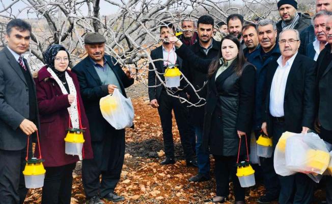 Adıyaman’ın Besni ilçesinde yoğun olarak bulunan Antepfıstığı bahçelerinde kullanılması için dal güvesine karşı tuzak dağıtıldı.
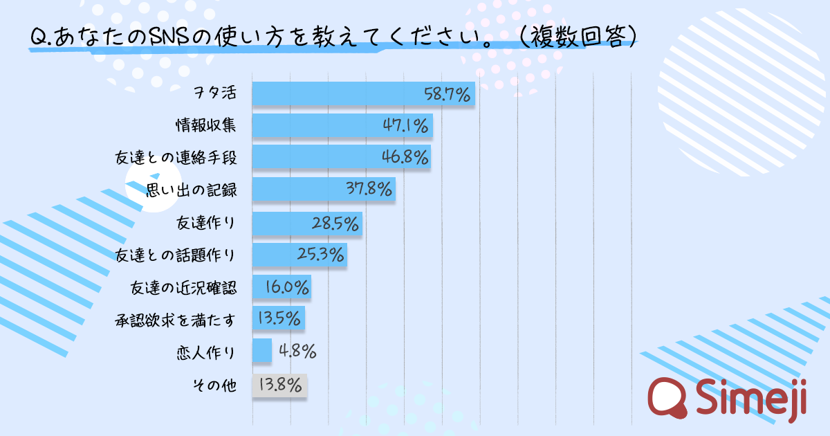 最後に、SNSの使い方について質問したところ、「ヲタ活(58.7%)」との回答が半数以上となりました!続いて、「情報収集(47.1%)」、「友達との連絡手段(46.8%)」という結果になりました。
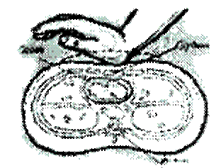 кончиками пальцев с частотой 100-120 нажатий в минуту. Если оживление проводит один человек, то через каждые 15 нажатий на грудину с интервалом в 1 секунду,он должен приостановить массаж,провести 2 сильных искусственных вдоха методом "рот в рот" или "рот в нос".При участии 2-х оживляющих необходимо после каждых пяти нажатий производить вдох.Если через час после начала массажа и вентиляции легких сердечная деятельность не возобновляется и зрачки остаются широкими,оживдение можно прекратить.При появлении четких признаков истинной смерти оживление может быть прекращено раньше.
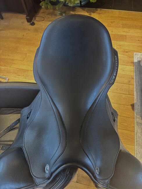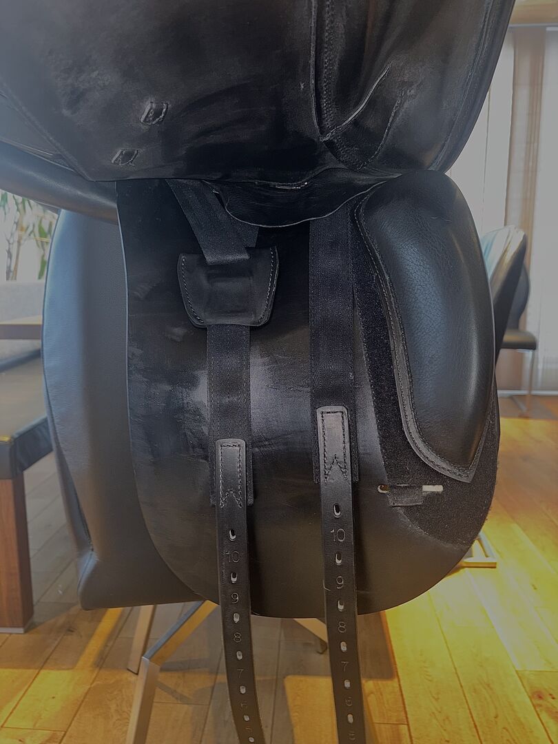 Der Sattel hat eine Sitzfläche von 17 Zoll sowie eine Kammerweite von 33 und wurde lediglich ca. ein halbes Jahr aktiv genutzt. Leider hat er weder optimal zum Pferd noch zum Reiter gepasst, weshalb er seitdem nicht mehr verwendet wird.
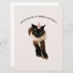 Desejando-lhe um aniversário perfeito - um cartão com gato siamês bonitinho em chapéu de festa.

# EXERCISE DETAILS:
Copy the records above exactly, from the first line through the line containing "最後に、SNSの使い方につい", and leave out the pictures.

# TASK OUTPUT:
 Adıyaman’ın Besni ilçesinde yoğun olarak bulunan Antepfıstığı bahçelerinde kullanılması için dal güvesine karşı tuzak dağıtıldı.
 最後に、SNSの使い方について質問したところ、「ヲタ活(58.7%)」との回答が半数以上となりました!続いて、「情報収集(47.1%)」、「友達との連絡手段(46.8%)」という結果になりました。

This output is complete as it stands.